John, I think just to refresh everybody's memory, the last equity raise we did was in 2012. As John noted, it was a bit over $9 a share. I think it was $9.50 a share and we raised $335 million. You know, since 2012, our share price has been as high as $13, as low and it went under $2 at one stage. Yeah, the markets have been, you know, not just NovaGold, but really the entire gold space has been pushed around by the marketplace. Yeah, NovaGold, our stock was languishing because we could not provide a path forward. With this transaction behind us, we've done that.

I look at it more on the value of the underlying asset and what we paid for it, which is to say we paid about 20 cents on the dollar to get the extra 10% of the project. You know, a lot of ways to really look at it.

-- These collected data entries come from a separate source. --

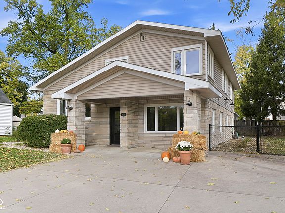 With outstanding proximity to Ball State University, IU Health Ball Memorial Hospital, the White River Greenway, and downtown Muncie, this White River Blvd home offers convenience and charm. Designed across three levels and offering 2,425 SF of living space, this property includes 3 bedrooms, 3 full baths, and a large 2-car detached garage, plus a surprisingly spacious fenced yard. The home features two inviting living spaces-one on the main level, and a more formal living room and kitchen upstairs. The kitchen is a standout with abundant storage, stone countertops, and updated appliances, including an induction and convection oven. The lower level adds even more flexibility with an office area, a built-in desk, and a large tiled, no-step walk-in shower. The current owner has thoughtfully updated lighting throughout. Additional updates include a new AC unit (2023), an 80-gallon water heater, an upgraded outdoor spigot, and a fireplace damper. A virtual tour is available.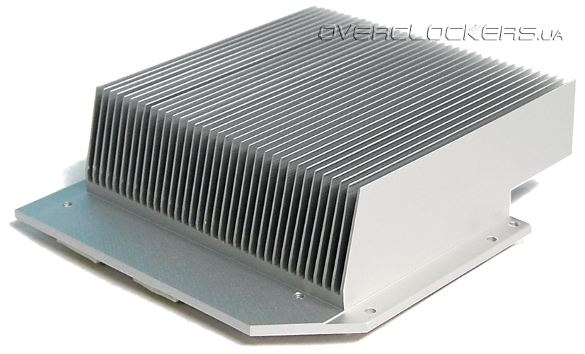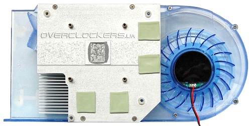Система охлаждения имеет простую конструкцию. Радиатор алюминиевый с толстым основанием, контактирует не только с ядром, но и с микросхемами памяти на лицевой стороне. Обдувается радиальным вентилятором с диаметром крыльчатки 70 мм.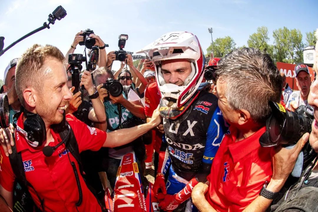 賽后、蓋沙表示,“ 贏得第三次世界錦標賽的冠軍真是一種奇妙的感覺。在經歷了兩年艱難的比賽之后,以及在今年早些時候戰(zhàn)勝困難的一輪(第五站的意大利 Mantova),能夠成為冠軍真的是非常、非常偉大。我非常感謝 HRC,無論是在比賽中還是在日本,他們在這段時間里,無論好壞都支持我,這是我在雨篷下的一個真正的家庭,我真的很感激能和他們一起合作得這么久。我們今年都非常努力地改進自己和 CRF450RW 賽車,讓它工作得非常出色。我們今年的開局很好,沒有任何問題,每次踏上賽道,無論情況如何,我都覺得很舒服。我想努力地去說更多(感謝大家的言語),但這真的是一次難以置信的經歷,我很高興斯洛文尼亞的很多粉絲也能出來見證這一時刻。感謝所有和我一起踏上這段旅程的人,粉絲、車隊成員,所有的人,這對我來說意義重大。”

Certainly, you know, markets have been, you know, gold stocks have been out of favor for most of the last five, six years. I think that's changing now as gold prices are starting to move up and people are paying attention. You know, I don't. I think we did a transaction that was in the long term best interest of our shareholder. Our market cap, which had been languishing about $1 billion, or frankly in many cases quite under that, is now approaching double from where we were prior when we announced the deal.

I think the marketplace is ultimately the judge of these types of transactions. The marketplace has been very positive on what we've accomplished.

Did your board consider borrowing $200 million instead of issuing stock to give the consideration to Barrick?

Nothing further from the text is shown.